### Task statement
Going line by line through the records below, write out everything starting with the line containing "Tuiles en céramique" and going on through the line containing "Mỗi đêm, người", exactly and inclusively. Pictures do not go in.

### Source records
○ ○ ○ ○ ○
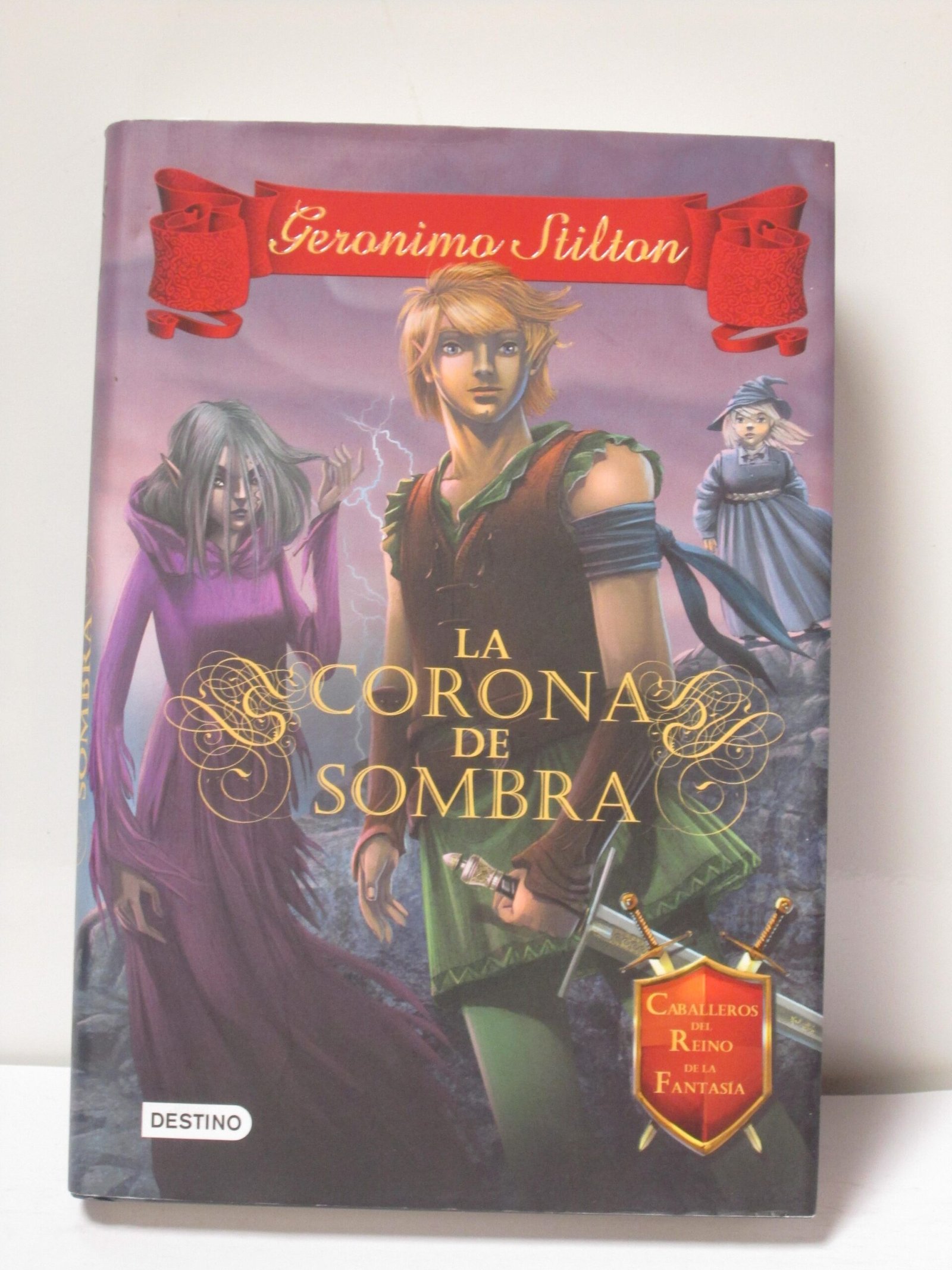 Sinopsis: Geronimo Stilton. Saga Caballeros del Reino de la Fantasía 4. Un misterioso objeto de poderes peligrosos y oscuros, la Corona de Sombra, está en manos de la pérfida reina de las brujas. Para impedir esto, los caballeros tendrán que luchar con fuerza y valentía.
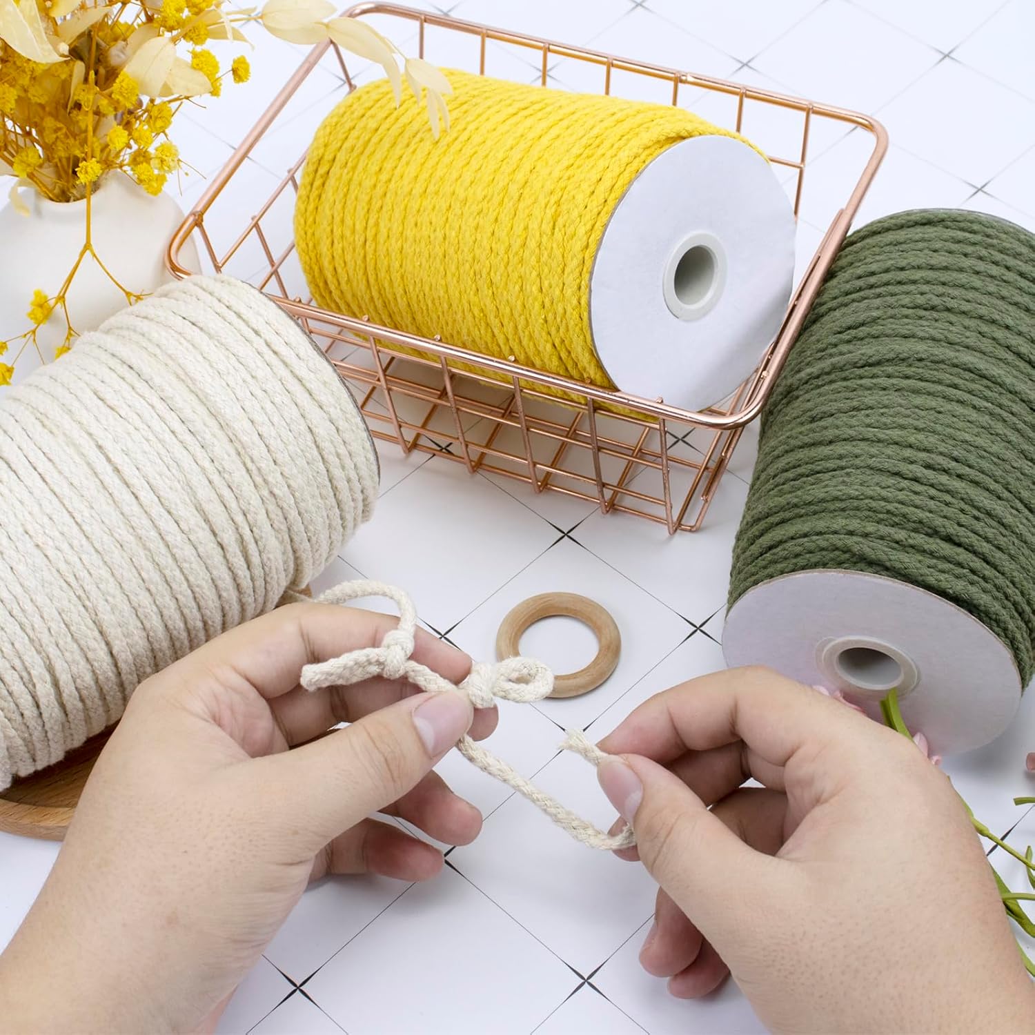 - Stark und Langlebig: Das Makramee-Seil mit 5mm Dicke ist aus 8 Strängen geflochten, weich und nicht leicht zu brechen, stark genug, um schwere Blumentöpfe zu tragen, perfekt für Ihre Bastelprojekte.
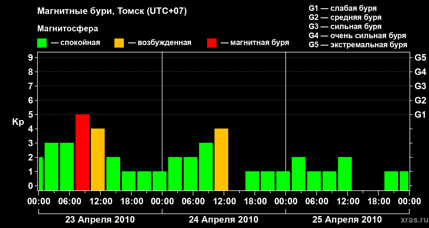 Изменения геомагнитного индекса Kp с 23 по 25 апреля 2010 года для средних широт
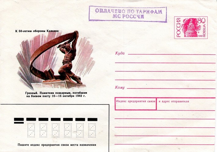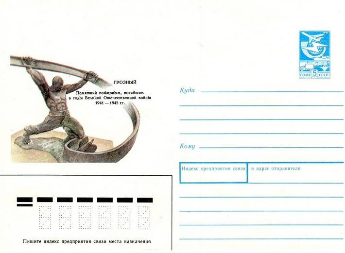 Единственным памятником, дважды напечатанном на конвертах, стал памятник в Грозном. Открытый в 1968 году, в честь пожарных, отражавших в 1942 году налеты немецкой авиации. За 5 дней бомбежек в городе произошло более 250 пожаров, при тушении которых погибло 15 пожарных. Памятник стал первым в стране памятником пожарным с вечным огнем.
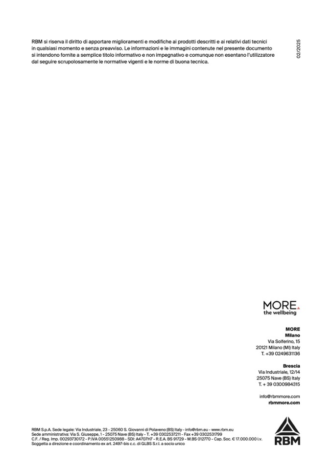 RBM si riserva il diritto di apportare miglioramenti e modifiche ai prodotti descritti e ai relativi dati tecnici
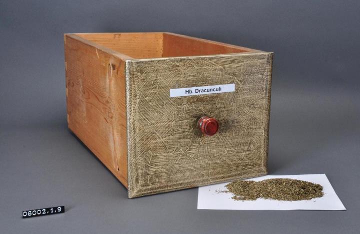 Schublade aus Nadelholz mit rotem Knauf und gezinkten Verbindungen (Schwalbenschwanzverbindung). Boden angeleimt und mit Holznägeln gesichert. Leicht wurmstichig. Vorderfront grau-braun angemalen. Mit selbstklebendem, laminiertem, weißem Kunststoff-Schriftband beschriftet. Enhält gerebeltes Estragonkraut.
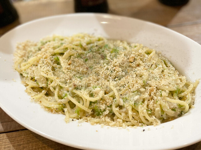 この日のパスタも、わたしの大好きなこのカリカリとした食感のやつがのってる。
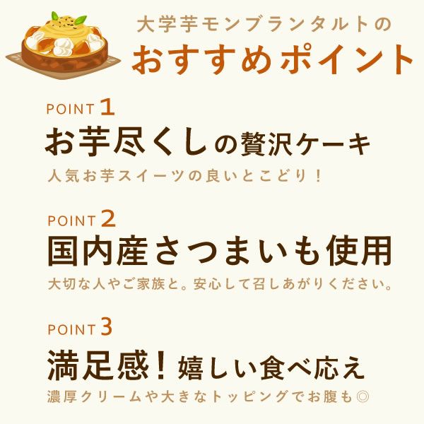 他の画像を見る 【おいもや本店会員様限定で割引中!】 大学芋のモンブランタルト (5号) 冷凍便 通常価格 ¥ 4,680 税込 会員価格 ¥ 4,446 税込 在庫切れ 詳細を見る お気に入りに登録する
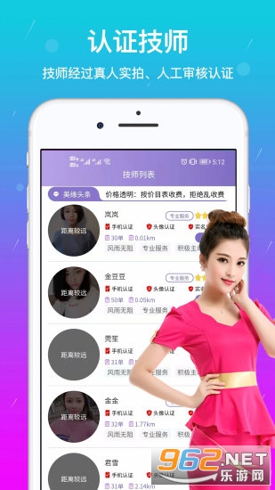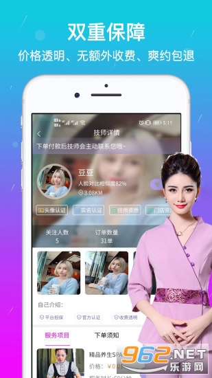 真人审核,技师身份认证、头像认证、资质认证、健康认证,保证安全
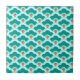 Tuiles en céramique dans un motif à crampons ou à vagues chinois, traditionnelles dans le textile et l'émaillage, en bleu turquoise doux, aqua / marine et blanc, avec accents de corail orange
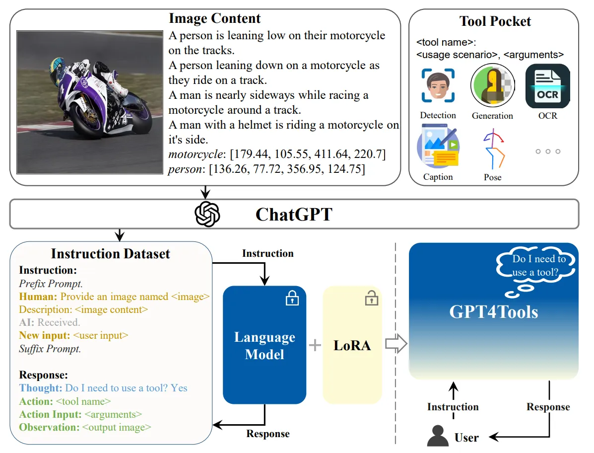 - GPT4Tools는 LLM이 외부 도구를 더 효과적으로 '계획하고 사용하는' 능력을 향상시키기 위해, 도구 사용과 관련된 새로운 지시어 훈련 데이터셋을 만들어서 모델을 파인튜닝했습니다.
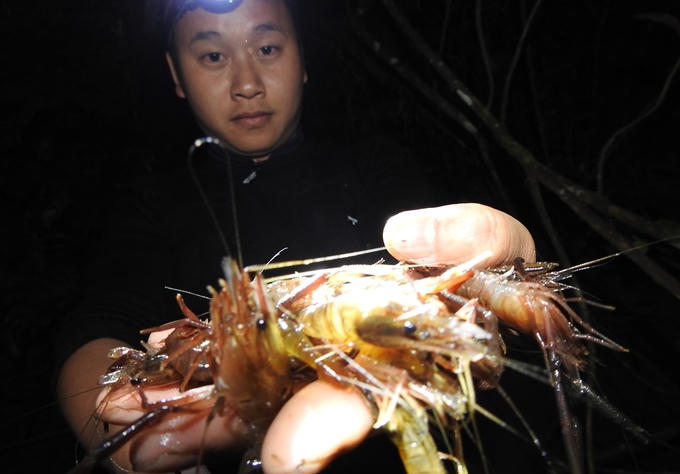 Mỗi đêm, người thợ đi săn khoảng ba tiếng, kiếm được từ 2 đến 3 kg tôm.
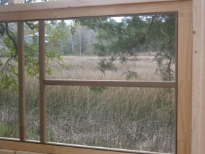 window I’m looking out right now, giving me a spectacular view of the marsh. (This website actually helped solve another problem: I wasn’t looking forward to building a crowned roof and then remembered the picture of John Hay’s slanted study roof {that I posted here.}) Pretty soon I was into it. “You’re good at getting immersed,” my wife said, which made me proud. It didn’t take long to see that the shack would be a special place for work, even though at that point the only work I’d done was with hammer and nails.
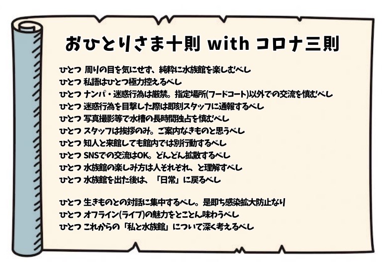 仙台うみの杜水族館では、このイベントを心ゆくまで楽しめるよう、「おひとりさま十則」を設定。さらに、安心して水族館を利用できるように感染対策の項目や、水族館の魅力・存在について今だからこそ考える機会となるよう、「withコロナ三則」を加えています。
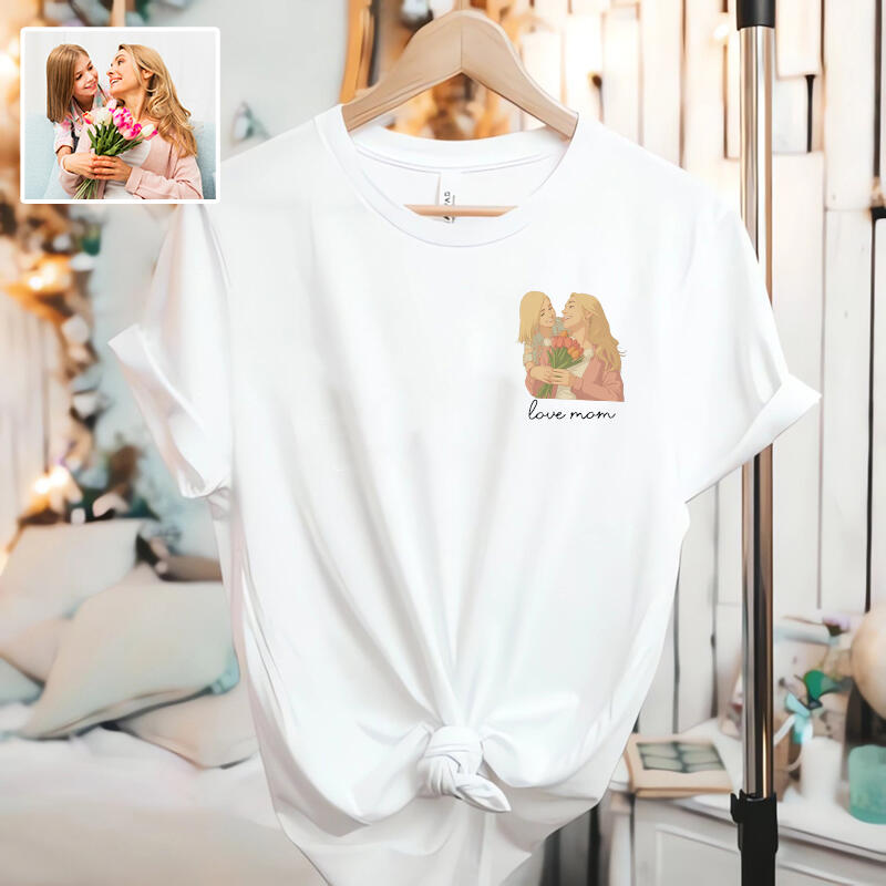Personalized T-shirt Custom Mom and Kids Photo Ghibli Anime Style Design Warm Gift for Dear Mama
○ ○ ○ ○ ○
### Solution
 Tuiles en céramique dans un motif à crampons ou à vagues chinois, traditionnelles dans le textile et l'émaillage, en bleu turquoise doux, aqua / marine et blanc, avec accents de corail orange
 - GPT4Tools는 LLM이 외부 도구를 더 효과적으로 '계획하고 사용하는' 능력을 향상시키기 위해, 도구 사용과 관련된 새로운 지시어 훈련 데이터셋을 만들어서 모델을 파인튜닝했습니다.
 Mỗi đêm, người thợ đi săn khoảng ba tiếng, kiếm được từ 2 đến 3 kg tôm.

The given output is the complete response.